*** Begin section ***
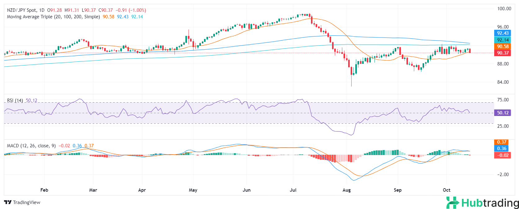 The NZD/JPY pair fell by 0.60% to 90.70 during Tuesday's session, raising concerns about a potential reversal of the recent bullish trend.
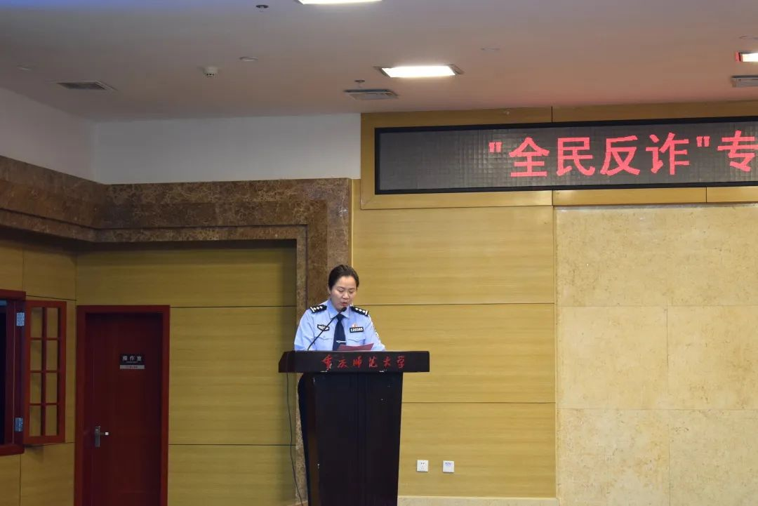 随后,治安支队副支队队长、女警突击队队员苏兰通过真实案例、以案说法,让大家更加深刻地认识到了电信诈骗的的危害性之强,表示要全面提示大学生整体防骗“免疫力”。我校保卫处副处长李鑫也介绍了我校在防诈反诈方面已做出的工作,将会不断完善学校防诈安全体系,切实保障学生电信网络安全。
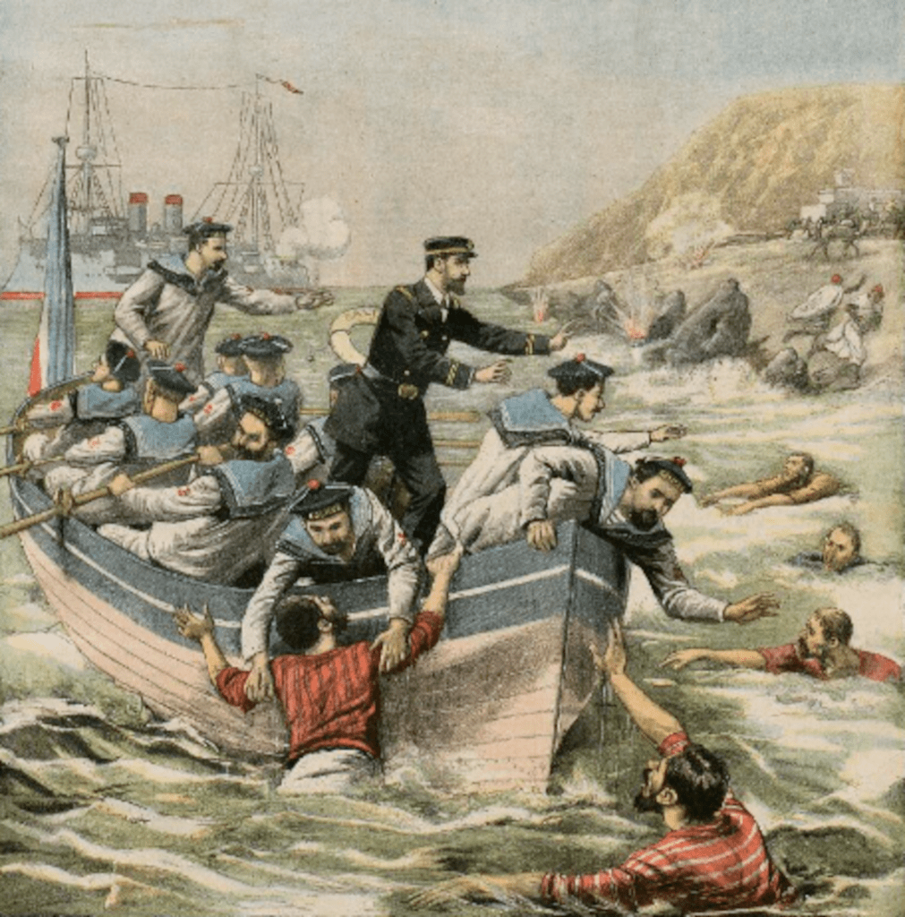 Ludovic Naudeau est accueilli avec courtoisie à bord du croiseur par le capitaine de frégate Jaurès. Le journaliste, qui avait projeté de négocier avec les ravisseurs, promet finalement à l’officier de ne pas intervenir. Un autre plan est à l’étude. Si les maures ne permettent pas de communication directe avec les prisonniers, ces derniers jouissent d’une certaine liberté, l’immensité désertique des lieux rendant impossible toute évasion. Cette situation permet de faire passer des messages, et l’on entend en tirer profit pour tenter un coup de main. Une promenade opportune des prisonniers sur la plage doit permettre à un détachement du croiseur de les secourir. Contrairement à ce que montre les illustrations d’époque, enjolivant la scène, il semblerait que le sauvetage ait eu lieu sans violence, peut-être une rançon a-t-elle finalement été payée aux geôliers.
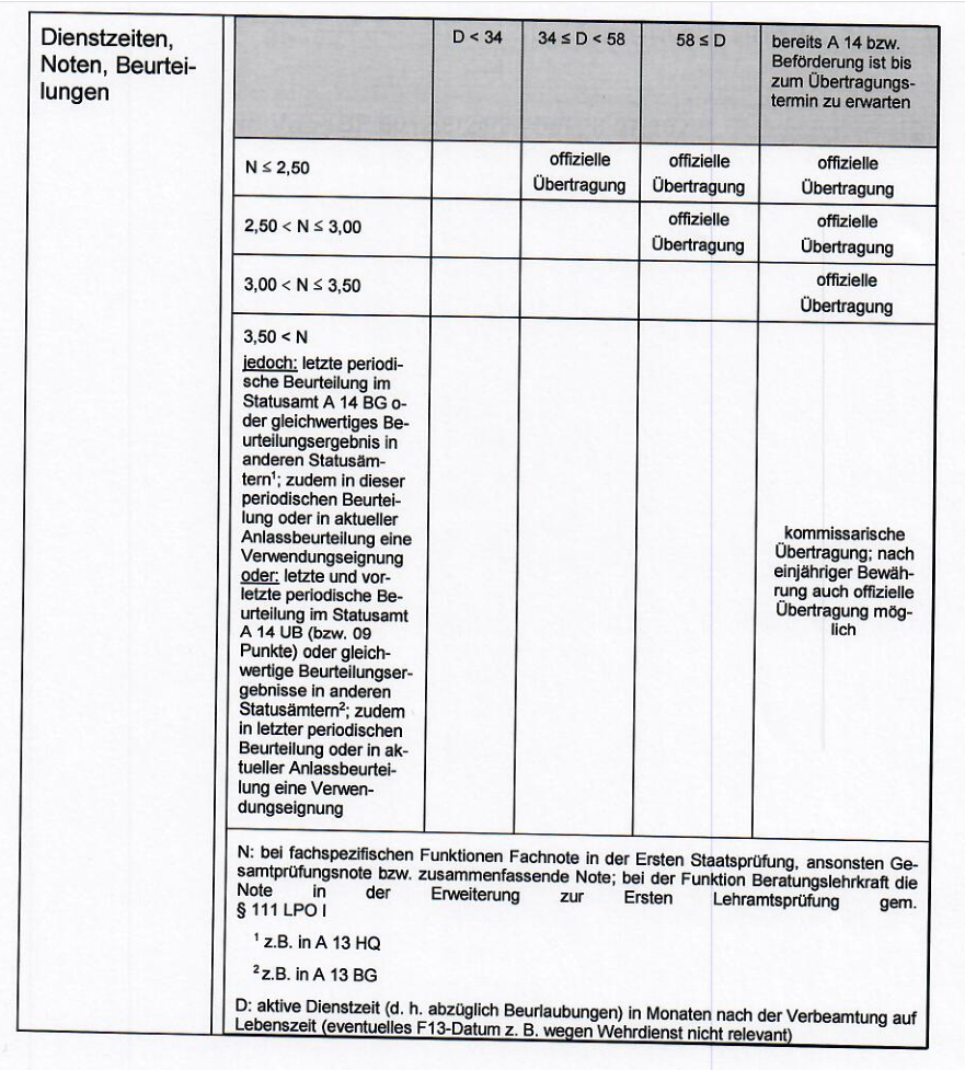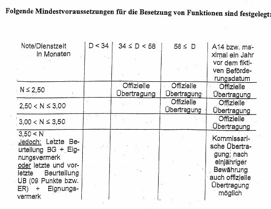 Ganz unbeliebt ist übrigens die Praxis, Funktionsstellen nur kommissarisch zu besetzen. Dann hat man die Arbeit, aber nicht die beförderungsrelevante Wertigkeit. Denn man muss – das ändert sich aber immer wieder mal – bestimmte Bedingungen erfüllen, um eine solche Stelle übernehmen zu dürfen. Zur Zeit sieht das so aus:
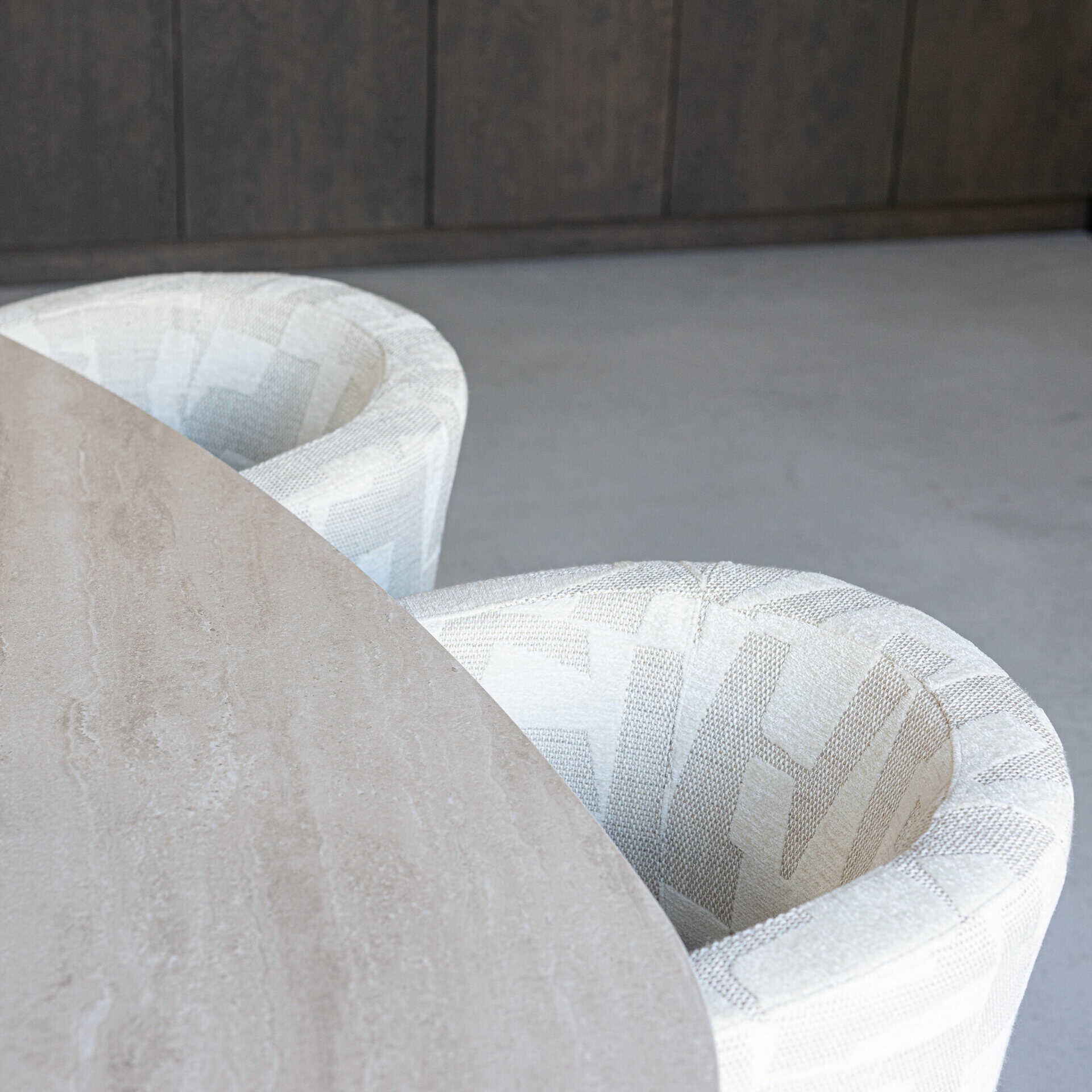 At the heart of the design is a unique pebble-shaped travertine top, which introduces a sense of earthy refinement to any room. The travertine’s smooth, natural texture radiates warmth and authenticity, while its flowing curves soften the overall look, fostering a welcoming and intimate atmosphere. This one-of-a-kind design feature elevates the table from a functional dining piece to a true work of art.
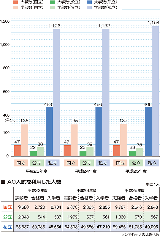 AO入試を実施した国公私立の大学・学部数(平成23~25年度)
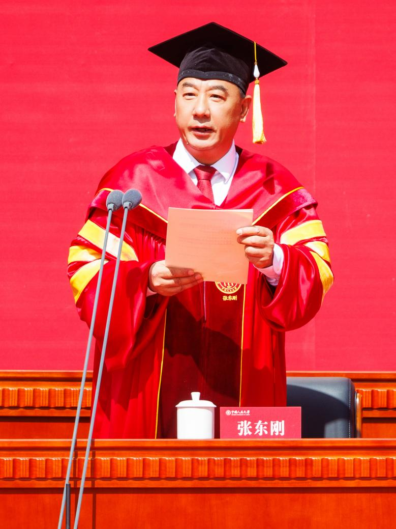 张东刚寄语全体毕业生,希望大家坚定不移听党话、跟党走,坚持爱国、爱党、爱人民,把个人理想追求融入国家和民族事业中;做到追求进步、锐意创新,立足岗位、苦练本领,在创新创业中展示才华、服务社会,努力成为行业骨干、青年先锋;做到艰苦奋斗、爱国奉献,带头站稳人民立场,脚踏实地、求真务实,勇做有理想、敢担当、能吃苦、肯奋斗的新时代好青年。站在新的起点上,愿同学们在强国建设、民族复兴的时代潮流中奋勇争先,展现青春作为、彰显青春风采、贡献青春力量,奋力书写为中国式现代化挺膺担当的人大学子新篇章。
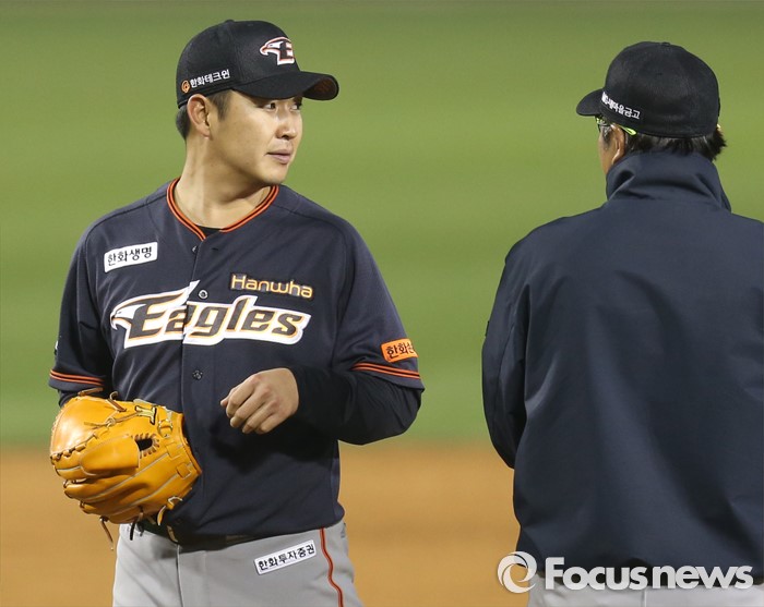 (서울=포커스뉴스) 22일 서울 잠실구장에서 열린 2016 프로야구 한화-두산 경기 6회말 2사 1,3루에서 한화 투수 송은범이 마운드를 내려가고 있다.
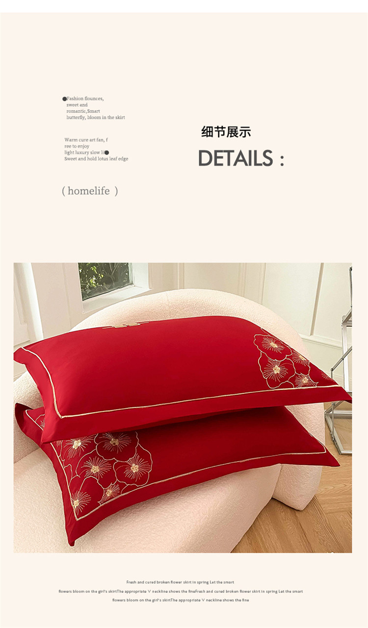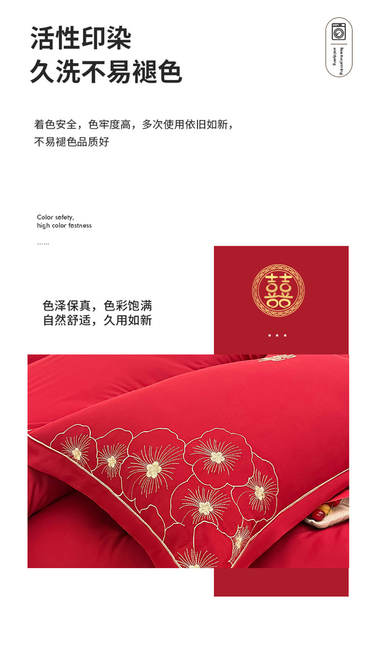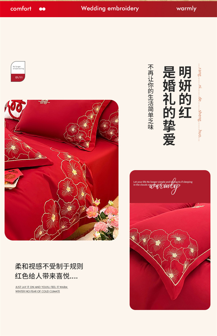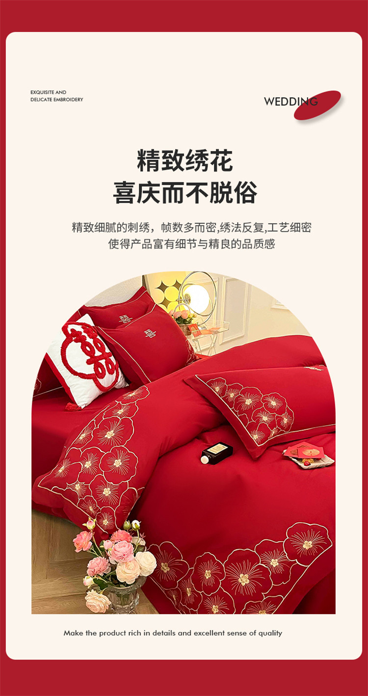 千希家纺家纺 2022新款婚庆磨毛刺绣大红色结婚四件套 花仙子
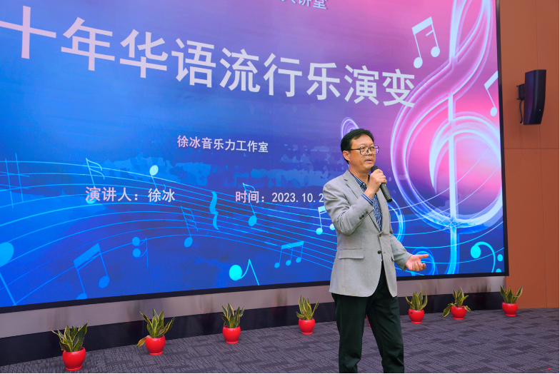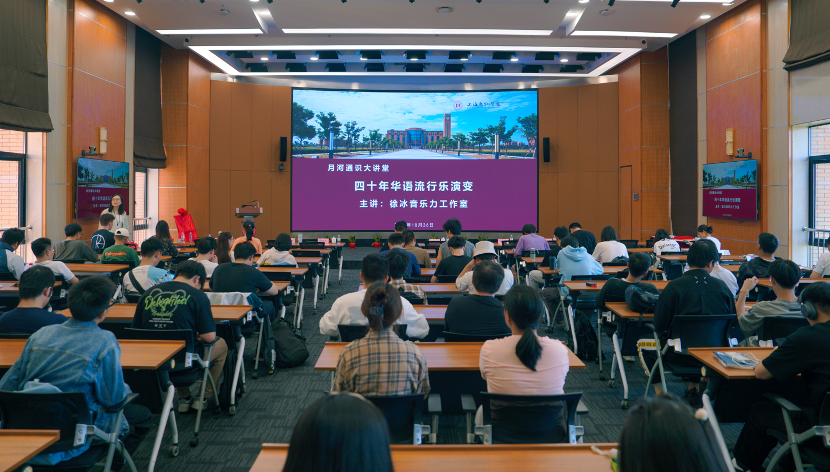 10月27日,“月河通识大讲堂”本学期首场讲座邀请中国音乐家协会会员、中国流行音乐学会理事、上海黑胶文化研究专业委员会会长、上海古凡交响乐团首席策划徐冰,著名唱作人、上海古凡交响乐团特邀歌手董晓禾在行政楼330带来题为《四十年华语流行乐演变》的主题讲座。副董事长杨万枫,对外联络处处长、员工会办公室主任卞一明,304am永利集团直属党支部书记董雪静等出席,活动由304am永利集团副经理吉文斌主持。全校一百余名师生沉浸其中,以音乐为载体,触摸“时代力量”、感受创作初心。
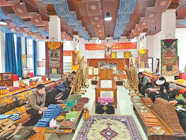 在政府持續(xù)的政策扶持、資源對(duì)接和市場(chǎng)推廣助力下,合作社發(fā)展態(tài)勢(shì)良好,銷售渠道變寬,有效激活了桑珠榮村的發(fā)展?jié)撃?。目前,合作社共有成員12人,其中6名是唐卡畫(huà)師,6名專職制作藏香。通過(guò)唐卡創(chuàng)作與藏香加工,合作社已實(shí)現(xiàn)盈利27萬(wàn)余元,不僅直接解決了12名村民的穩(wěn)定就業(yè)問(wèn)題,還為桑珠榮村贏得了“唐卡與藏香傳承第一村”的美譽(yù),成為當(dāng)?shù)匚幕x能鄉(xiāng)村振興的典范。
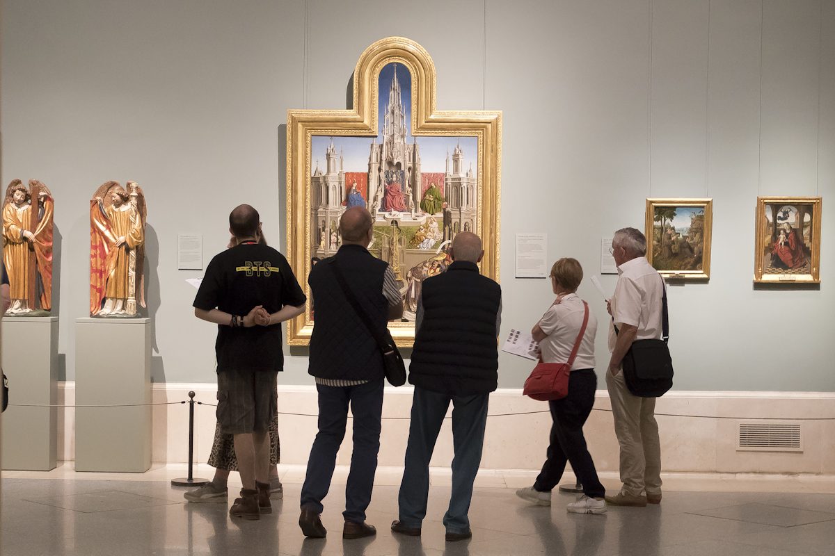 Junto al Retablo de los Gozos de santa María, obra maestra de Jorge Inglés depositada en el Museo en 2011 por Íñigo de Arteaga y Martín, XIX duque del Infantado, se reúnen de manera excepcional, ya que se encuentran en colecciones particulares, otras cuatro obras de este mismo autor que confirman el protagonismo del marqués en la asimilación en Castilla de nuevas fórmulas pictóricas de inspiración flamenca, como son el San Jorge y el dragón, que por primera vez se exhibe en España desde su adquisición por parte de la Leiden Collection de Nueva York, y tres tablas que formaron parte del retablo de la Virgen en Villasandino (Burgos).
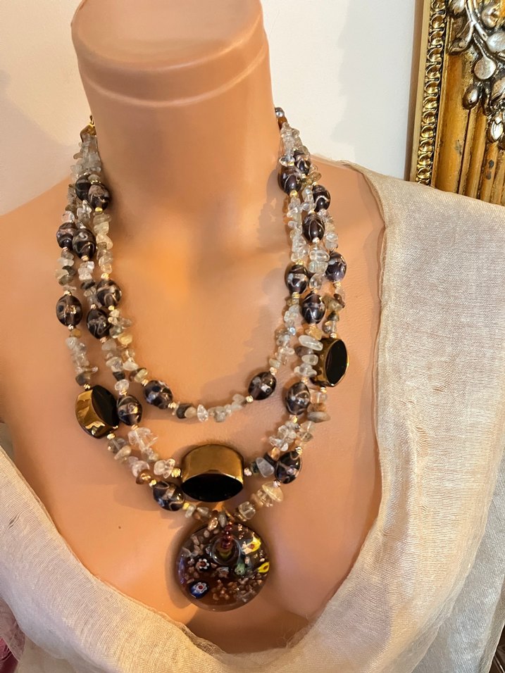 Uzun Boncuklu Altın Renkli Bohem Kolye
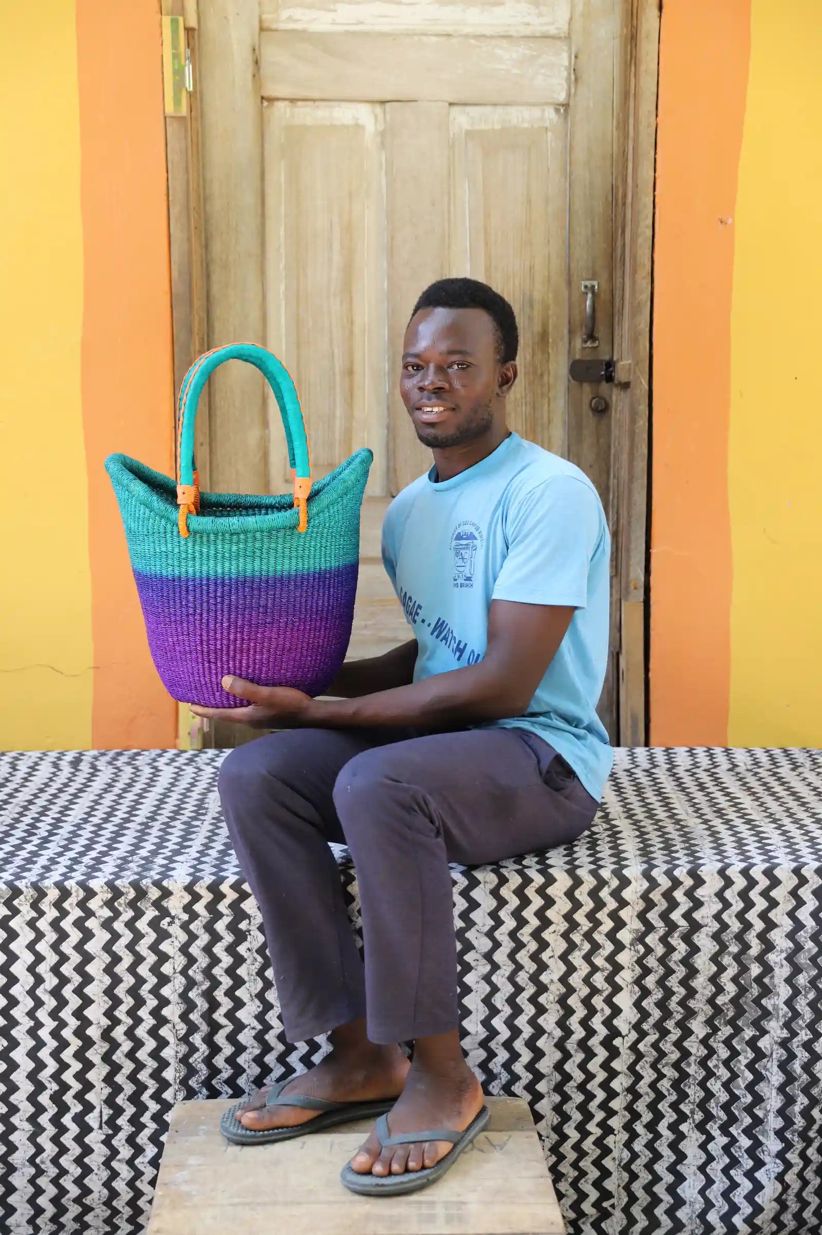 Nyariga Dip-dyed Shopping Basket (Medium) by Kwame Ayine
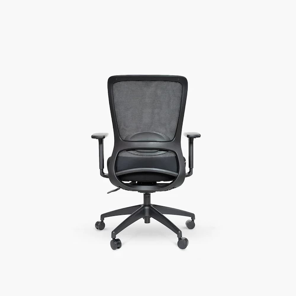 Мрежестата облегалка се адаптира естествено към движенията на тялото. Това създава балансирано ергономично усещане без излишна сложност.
*** End section ***
» HOW TO COMPLETE THIS TASK
Go from the first line of the data above to the line containing "随后,治安支队副支队队长、女" and retype exactly those lines, both included, but none of the pictures.

» RESULT
 The NZD/JPY pair fell by 0.60% to 90.70 during Tuesday's session, raising concerns about a potential reversal of the recent bullish trend.
 随后,治安支队副支队队长、女警突击队队员苏兰通过真实案例、以案说法,让大家更加深刻地认识到了电信诈骗的的危害性之强,表示要全面提示大学生整体防骗“免疫力”。我校保卫处副处长李鑫也介绍了我校在防诈反诈方面已做出的工作,将会不断完善学校防诈安全体系,切实保障学生电信网络安全。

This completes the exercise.